Instructions with local variable arguments

These are the instructions which have as a single argument the name of a local valiable. Dependent on the instruction there may be restrictions on the types of the variables allowed as argument. The following list contains all instructions from this category with every entry linked to the corresponding section in the JVM specification:

aload, astore, dload, dstore, fload, fstore, iload, istore, lload, lstore,ret

Example:

aload this;

Branch instructions

These are the instructions ordering the virtual machine to transfer, conditionaly or unconditionally,the execution flow to an instruction different than the next instruction. Branch instructions have as a single argument the label of the instruction to which the execution flow will be transferred. The following list contains all instructions from this category with every entry linkedto the corresponding section in the JVM specification:

goto, goto_w, if_acmpeq, if_acmpne, if_icmpeq, if_icmpge, if_icmpgt, if_icmple, if_icmplt, if_icmpne, ifeq, ifge, ifgt, ifle, iflt, ifne, ifnonnull, ifnull, jsr, jsr_w

Example:

goto end;

Integer literal instructions

These are the instructions which take an integer literal as argument. There are two instructions of this type: bipush, taking argument values from -128 to 127, and sipush, taking argument values from -32768 to 32767.

Examples:

bipush 120;
sipush 1000;

iinc instruction

The iinc instruction takes two arguments: the name of a local variable and an integer literal in the value range from -128 to 127.

Example:

iinc counter,2;

newarray instruction

The newarray instruction, which creates a primitive array on the stack, has a special syntax consisting of two keywords: the newarray keyword followed by the keyword designating a primitive type which can be one of the following: boolean, byte, char, double, float, int, long, short**.

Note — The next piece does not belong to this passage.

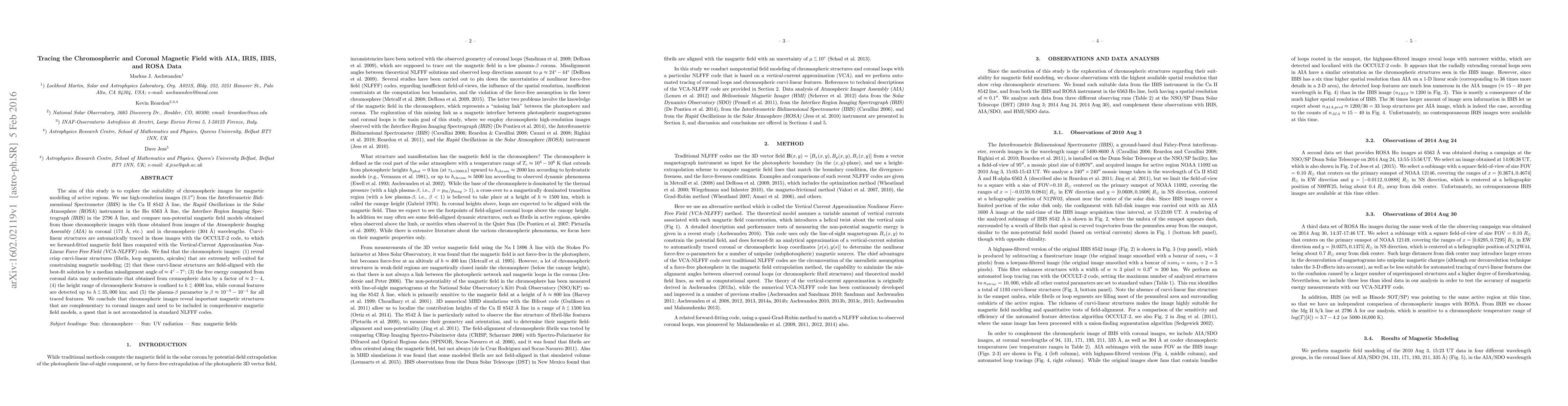 The aim of this study is to explore the suitability of chromospheric images for magnetic modeling of active regions. We use high-resolution images (0.1") from the Interferometric Bidimensional Spectrometer (IBIS) in the Ca II 8542 A line, the Rapid Oscillations in the Solar Atmosphere (ROSA) instrument in the H-alpha 6563 A line, the Interface Region Imaging Spectrograph (IRIS) in the 2796 A line, and compare non-potential magnetic field models obtained from those chromospheric images with those obtained from images of the Atmospheric Imaging Assembly (AIA) in coronal (171 A, etc.) and in chromospheric (304 A) wavelengths. Curvi-linear structures are automatically traced in those images with the OCCULT-2 code, to which we forward-fitted magnetic field lines computed with the Vertical-Current Approximation Non-Linear Force Free Field (VCA-NLFFF) code. We find that the chromospheric images: (1) reveal crisp curvi-linear structures (fibrils, loop segments, spicules) that are extremely well-suited for constraining magnetic modeling; (2) that these curvi-linear structures are field-aligned with the best-fit solution by a median misalignment angle of ~4-7 deg; (3) the free energy computed from coronal data may underestimate that obtained from cromospheric data by a factor of ~ 2-4, (4) the height range of chromospheric features is confined to h ~ 4000$ km, while coronal features are detected up to h ~ 35,000$ km; and (5) the plasma-beta parameter is beta ~ 10^(-5)-10^(-1) for all traced features. We conclude that chromospheric images reveal important magnetic structures that are complementary to coronal images and need to be included in comprehensive magnetic field models, a quest that is not accomodated in standard NLFFF codes.
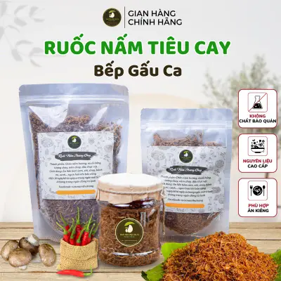 Ruốc Nấm Tiêu Cay Bếp Gấu Ca – Ruốc Nấm Chay Nhà Làm Ngon Sạch, Không Chất Bảo Quản - Túi zip 100g,250g,500g

multianewarray instruction

The multianewarray instruction, which creates a multidimensional array, takes two arguments: the name of a class reference constant and a integer literal in the range from 1 to 255.

Example:

multianewarray Object,3;

Switch instructions

Switch instructions, which include tableswitch and lookupswitch, are special branch instructions which calculate their target dependent on the integer value on the stack. A switch instruction has multiple arguments with a special syntax: an integer literal or the keyword default followed by -> and then by the label of the target instruction.

Example:

tableswitch 0->target0,1->target1,default->defaulttarget;

Bytecode ranges

Some statements require as arguments so called bytecode ranges. A bytecode range is just a sequence of instructions specified by two instruction labels separated by ->. The first of the two labels is the label of the first instruction in the range. The second labeld is either the label of the last instruction in the sequence or the label of the first instruction after the sequence. In the first case the specified bytecode range is an including bytecode range otherwise it is an excluding byte code range. When specifying an excluding byte code range the second label may be omitted indicating that the bytecode range includes all instructions beginning with the first instruction and ending with the last instruction in the method.

Example:

begin->end

Exception Handler statement

An exception handler statement specifies an exception handler within a method. This statement is neither a simple statement nor a block statement but has it's own special syntax which is defined in the following EBNF expression:

exception handler statement = [label, ':'], 'try', including bytecode range, catch, class reference constant|'all', 'go', 'to', label, ';' ;

The statement starts with the try keyword, possibly preceded by a label. It follows an including bytecode range, to which the handler applies. As next appears the keyword catch followed either by the name of a class reference constant, which specifies the exception class handled by the handler, or by the keyword all, which indicates that the handler handles all exceptions. At last we see keywords go and to followed by the label of the instruction, to which the handler transfers the execution flow if an exception occures.

Example:

firstHandler: try begin -> end catch RuntimeException go to handlerBegin;

Line numbers statement

A line numbers statement specifies a mapping between the line numbers of the original source file and the instructions of the surrounding method. It is a block statement which contains a sequence of line number statements as defined in the following EBNF expression:

line numbers statement = 'line', 'numbers', '{', {line number}, '}' ;

Example:

line numbers {
    line label, 5;
}

Line number statement

A line number statement specifies the correspondence between an instruction and a line in the original source file. This is a simple statement with two arguments, the first argument is the label of the instruction, the second is an integer literal specifing the number of the source file line. The exact syntax is as follows:

line number statement = 'line', label, line number, ';' ;

Example:

line label, 5;

Debug variables statement

A debug variables statement specifies a mapping between the local variables in a method and variables in the original source file. It is a block statement which contains a sequence of debug variable statements as defined in the following EBNF expression:

debug variables statement = 'debug', 'variables',{'types'} '{', {debug variable}, '}' ;

Example:

debug variables {
    var this, ir0, this_name, this_desc;
}

Note: the optional keyword types indicates that the mapping includes signatures of the source variables. The absence of the keyword indicates that the descriptors are included.

Debug variable statement

A debug variable statement specifies a mapping between a local variable in a method and a variable in the original source file. It is a simple statement with four arguments: the name of the local variable, an excluding bytecode range to which the mapping applies, a name of an utf8 constant specifying the name of the variable in the original source file, and at last a name of an utf8 constant specifying, dependent on the type of the surrounding block statement either the descriptor of the variable in the original source file or its signature.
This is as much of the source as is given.